Cooling Athlon 64: Three Potential Aircooled Solutions @ Sudhain
What we have here, really, are three different coolers for three types of users. For the thrifty user or a user who’s perfectly satisfied with temperatures in the mid 50s, the AMD stock cooler is a fine option that gets the job done. Since retail chips sell for so little over OEM these days, it’s easily worth the $11 you end up paying for it, especially once you factor in the three-year warranty.
For a user wanting to lower temperatures and cut costs the Silent Boost is a good choice. At $25.95 its not the cheapest option, but its low-noise and high performance are both good reasons to recommend it. It may not be as forward-looking as the SLK948U, but we need to point out that any discussion of what future AMD CPU temperatures will be is entirely conjectural. Because we aren’t going to base a product recommendation on what would be an entirely conjectural statement, we’d highly recommend the Silent Boost to anyone looking for a mid-range cooler with a mid-range price.

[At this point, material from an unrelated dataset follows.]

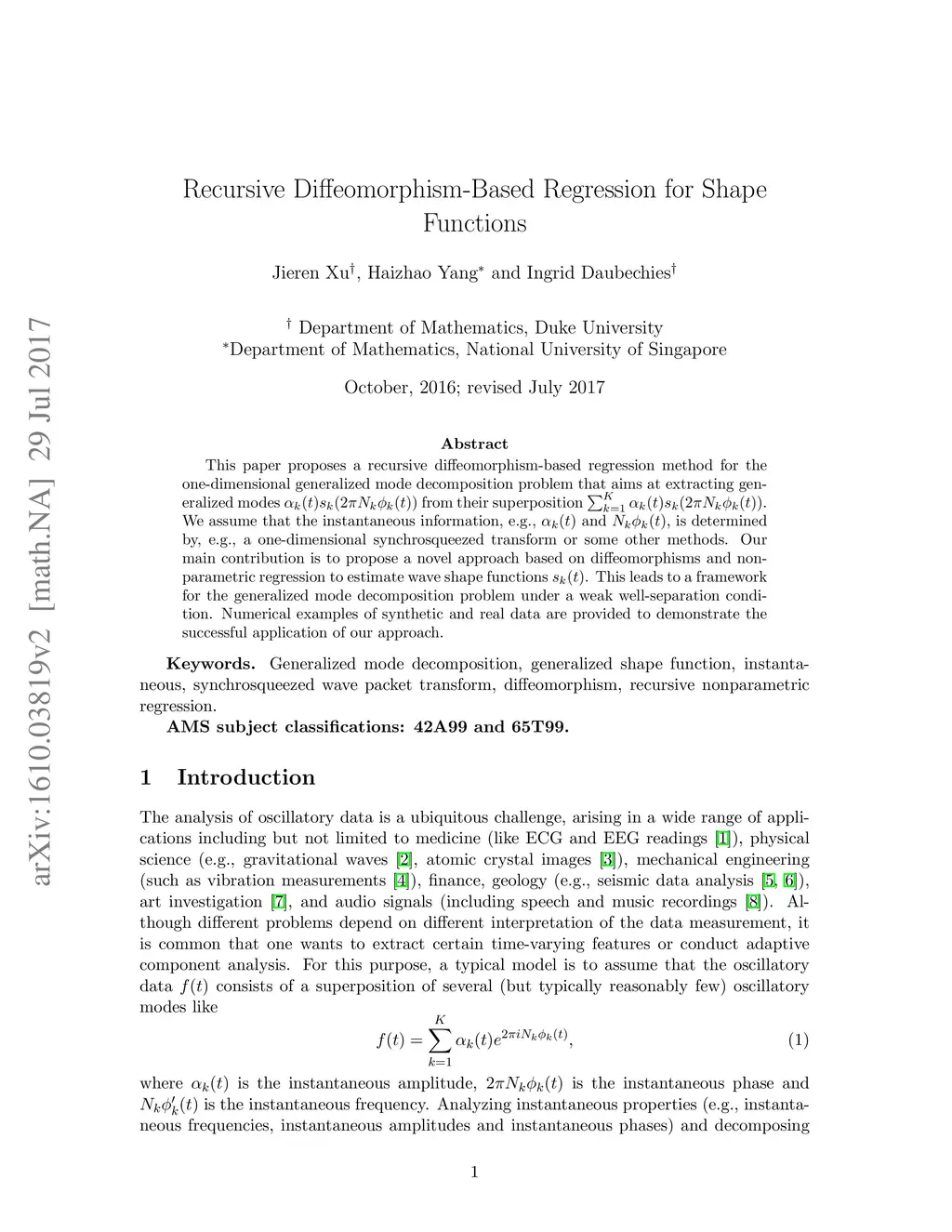 This paper proposes a recursive diffeomorphism based regression method for one-dimensional generalized mode decomposition problem that aims at extracting generalized modes from their superposition . First, a one-dimensional synchrosqueezed transform is applied to estimate instantaneous information, e.g., and . Second, a novel approach based on diffeomorphisms and nonparametric regression is proposed to estimate wave shape functions . These two methods lead to a framework for the generalized mode decomposition problem under a weak well-separation condition. Numerical examples of synthetic and real data are provided to demonstrate the fruitful applications of these methods.

If the SLK948U carried the same price as the Silent Boost, it’d be the hands-down winner, no questions asked. At $43.95, however, its not a product we’d recommend for everyone. It does, however, offer a performance level and future-proof design commensurate with its price tag. Provided that AMD’s Socket 939 design is still compatible with Socket 940 / Socket 754 (and we’ve no reason to think it won’t be), the SLK948U should be able to handle any Opteron or Athlon 64 design well into the future.